The estrogen cream and progesterone therapies are also an individual strategy of trial and error. According to the new bio-identical hormone movement, if women got a baseline of their hormones when they were young, it would really help figure out what to do when you start going through The Crunch— because one person's perky little estrogen boost is another woman's avalanche.
I went to the library to do some research, because I had a lot more questions than my doctor could answer. I asked for a title called "Screaming to Be Heard," and the desk clerk told me that there were eight people ahead of me who had requested it. "Yes," I said in a diabolical hiss, " And they're all SCREAMMMMMING."
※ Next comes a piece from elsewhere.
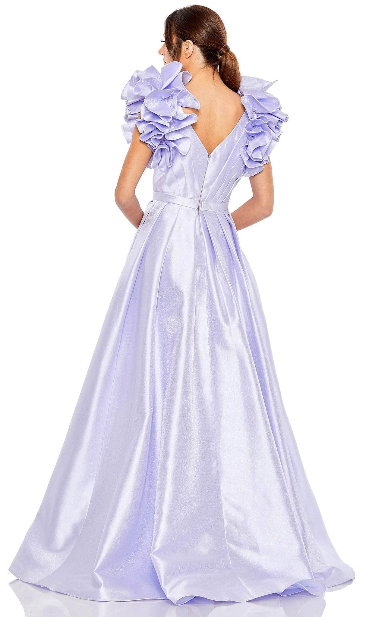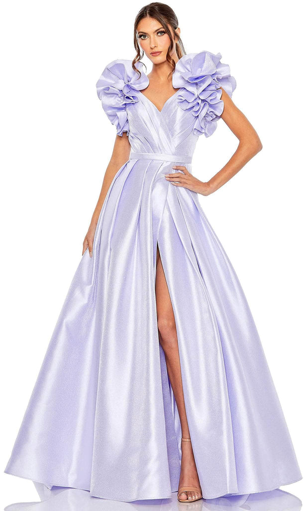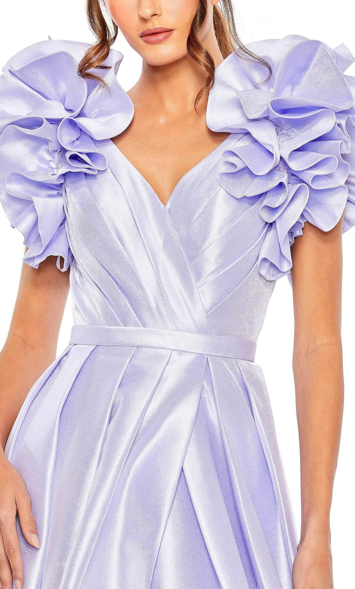 Get glamorous underneath the modern and classic detailing on the A-line silhouette of Mac Duggal 20522. This pleated satin gown enhances the wearer's royal aura. A V-neckline, V-cut back, and flutter sleeves give the dress a charming look. The dress closes with a back zipper. The floor-length skirt's elegant A-line silhouette and daring high slit exude alluring sophistication. Mac Duggal 20522 is perfect for a standout style and flawless fit. Model is wearing Periwinkle color.

My book review made me realize the full strength of the controversy in women's health care. All the Boomers who pioneered natural home birth and led the abortion rights movement and female-sensitive gynecology... the whole "Our Bodies Ourselves" generation... are now in menopause, and are FOAMING AT THE MOUTH at what they've found.
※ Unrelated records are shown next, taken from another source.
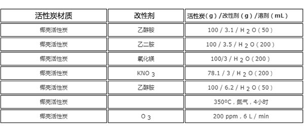 圖2.使用的活性炭,改性劑和浸漬溶劑。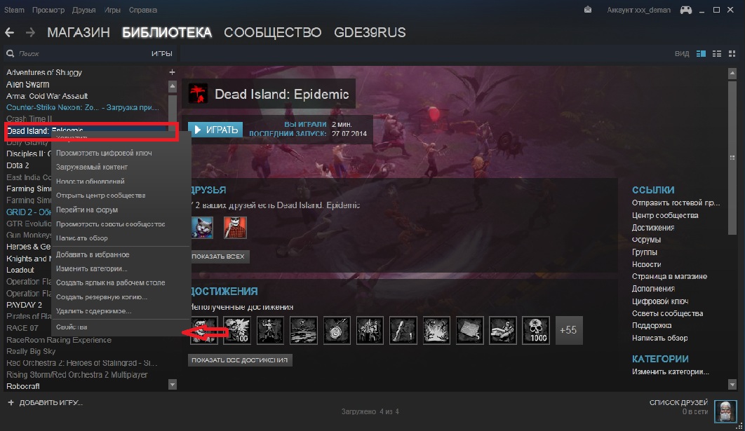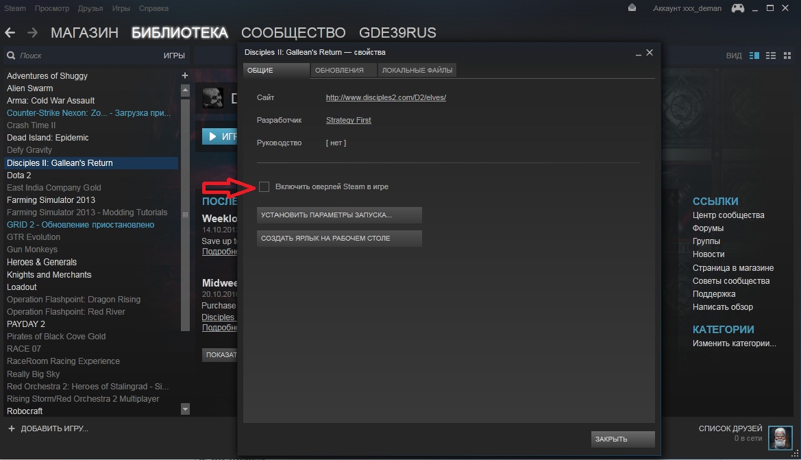 5. Через библиотеку Steam зайдите в свойства игры и снимите галочку с “Включить оверлей Steam в игре”. (пкм на название игры, выбираем свойства, и там находим этот пункт.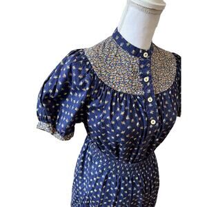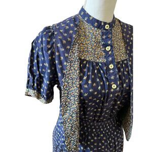 Amazing Vintage 70’s floral 3 piece prairie skirt set from The Art Shirt by Cracker. Vintage size 11-12 but fits like a modern day S. Fantastic vintage condition. Full skirt with elastic waistband in a navy floral pattern. Coordinating short sleeve shirt and reversible vest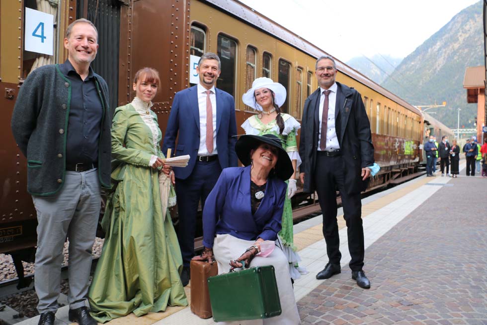 ![]() Startpunkt der nostalgischen Bahnfahrt in Franzenfeste mit LR Bessone (l.), LR Alfreider (Mitte) und LH Kompatscher (r.) (Foto: LPA/Ingo Dejaco) |

Women in menopause are supposed to suffer and shut up.That is apparently what I had been doing. I was amazed to realize how much of my physical condition I just took for granted, without considering my "hormones" in the least. I thought about how my mom did the same thing, and how she suffered.
I thought I had insomnia because I worry too much. I thought I was tired because I'm overworked. I thought I had a tummy because I can't seem to inhale a pint of ice cream like I used to. I berate myself for not exercising more. I took all these disappointments as if it was another nail in the coffin one had to accept.
Many of the Boomers took those first horse urine hormones the drug companies promoted. These were hormone formulas that even VETERINARIANS had outlawed for their pet patients! These were the same formulas that were rejected by the birth control pill companies back in the sixties because they were deemed too toxic. The anger over this scandal is entirely justified.
The Bio-Identical folks are the progressives on the menopause issue, but they're treated like nutcases by a great deal of the American medical community. Furthermore, even the bio-identical crowd is at odds with each other. No one agrees about anything. Well, there is one thing... everyone promotes exercise and diet considerations. But there are still a million questions about any kind of hormone replacement, "natural" or not. There is no single cocktail that works for everyone. Plus, there are plenty of women who say, "Hey, I'm going to get through this without anything, thank you very much."
I am on my fourth week of doing this stuff. I am sleeping like a top, and my Phat Pussy is back. I had a period where I could actually go out without wearing something that looks like Depends. This is good news, but I still wonder if I am doing the right thing.
I have barely used any T-cream because it scares me. A friend of mine told me she is using it before she enters surfing competitions to make her more gnarly. I feel so self-conscious of my sex urges now.... am I masturbating because I just had a wild hair, or is the T-cream growing some wild ones? I need to slather on more and see what happens, but the idea of being more anger-driven would not be a fair trade-off to me, for horniness. "Hi, I hate your fucking guts— now bend over!" Oh, I don't know what to think.
And that's why I'm posting this confession. I have also opened up the entire can of worms on my latest In Bed show, where I ask, "Hey babe, are you using hormones?"
My feminist response to this whole hullabaloo is that I'd like to hear as many women as possible speak up! Have you ever taken hormones, or lived intimately with someone who did? What happened? What's your experience with bio-identicals? Have you been reading any great books on the subject you'd like to scream about?